#### [REQUIREMENT]
Taking the line with "Cuccia per gatti" as the first and the line with "On the way to" as the last, set down exactly every line in that range from the entries below, and no more.

[Collected data entries]
[Start of Attachment]

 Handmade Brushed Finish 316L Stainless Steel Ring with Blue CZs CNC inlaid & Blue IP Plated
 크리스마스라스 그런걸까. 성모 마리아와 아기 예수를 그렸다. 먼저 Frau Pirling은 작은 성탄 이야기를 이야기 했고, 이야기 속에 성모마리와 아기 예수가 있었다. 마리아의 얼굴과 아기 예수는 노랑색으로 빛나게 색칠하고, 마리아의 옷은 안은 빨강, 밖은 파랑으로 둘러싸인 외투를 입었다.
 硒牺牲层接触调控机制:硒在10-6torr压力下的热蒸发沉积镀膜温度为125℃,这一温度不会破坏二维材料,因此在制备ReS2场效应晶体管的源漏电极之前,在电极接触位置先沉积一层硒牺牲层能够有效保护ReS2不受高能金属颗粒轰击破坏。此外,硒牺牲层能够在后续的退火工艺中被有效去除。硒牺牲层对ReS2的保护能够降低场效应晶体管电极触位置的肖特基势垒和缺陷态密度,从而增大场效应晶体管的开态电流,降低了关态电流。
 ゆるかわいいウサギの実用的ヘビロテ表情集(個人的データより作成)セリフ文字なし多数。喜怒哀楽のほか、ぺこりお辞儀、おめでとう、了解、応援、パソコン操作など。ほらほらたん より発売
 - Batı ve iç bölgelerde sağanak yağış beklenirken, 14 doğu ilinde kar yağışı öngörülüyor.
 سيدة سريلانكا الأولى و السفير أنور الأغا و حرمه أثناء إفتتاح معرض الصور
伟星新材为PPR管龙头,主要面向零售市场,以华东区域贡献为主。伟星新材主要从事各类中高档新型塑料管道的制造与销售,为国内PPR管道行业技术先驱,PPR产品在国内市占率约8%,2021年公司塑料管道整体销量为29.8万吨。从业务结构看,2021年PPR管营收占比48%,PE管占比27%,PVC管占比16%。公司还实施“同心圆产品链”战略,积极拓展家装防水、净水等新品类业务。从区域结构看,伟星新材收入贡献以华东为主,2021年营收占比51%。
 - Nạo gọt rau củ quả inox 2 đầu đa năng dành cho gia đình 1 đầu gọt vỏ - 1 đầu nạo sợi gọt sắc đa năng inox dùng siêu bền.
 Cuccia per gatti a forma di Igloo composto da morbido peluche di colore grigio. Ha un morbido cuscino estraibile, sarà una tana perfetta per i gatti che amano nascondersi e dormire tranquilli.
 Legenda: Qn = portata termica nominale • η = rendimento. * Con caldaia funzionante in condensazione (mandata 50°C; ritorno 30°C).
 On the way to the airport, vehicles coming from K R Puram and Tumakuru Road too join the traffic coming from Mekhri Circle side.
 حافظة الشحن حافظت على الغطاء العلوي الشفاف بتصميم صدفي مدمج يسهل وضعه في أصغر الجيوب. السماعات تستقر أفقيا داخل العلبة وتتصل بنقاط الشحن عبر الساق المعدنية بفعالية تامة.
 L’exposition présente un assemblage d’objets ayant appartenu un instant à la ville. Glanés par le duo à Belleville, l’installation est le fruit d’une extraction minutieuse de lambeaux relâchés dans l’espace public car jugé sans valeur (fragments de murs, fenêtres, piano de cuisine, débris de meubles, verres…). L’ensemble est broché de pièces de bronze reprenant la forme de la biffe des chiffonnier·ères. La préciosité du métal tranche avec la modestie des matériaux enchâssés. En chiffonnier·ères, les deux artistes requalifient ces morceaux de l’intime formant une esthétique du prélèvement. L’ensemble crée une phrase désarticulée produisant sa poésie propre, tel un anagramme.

[End of Attachment]

#### [TASK RESPONSE]
 Cuccia per gatti a forma di Igloo composto da morbido peluche di colore grigio. Ha un morbido cuscino estraibile, sarà una tana perfetta per i gatti che amano nascondersi e dormire tranquilli.
 Legenda: Qn = portata termica nominale • η = rendimento. * Con caldaia funzionante in condensazione (mandata 50°C; ritorno 30°C).
 On the way to the airport, vehicles coming from K R Puram and Tumakuru Road too join the traffic coming from Mekhri Circle side.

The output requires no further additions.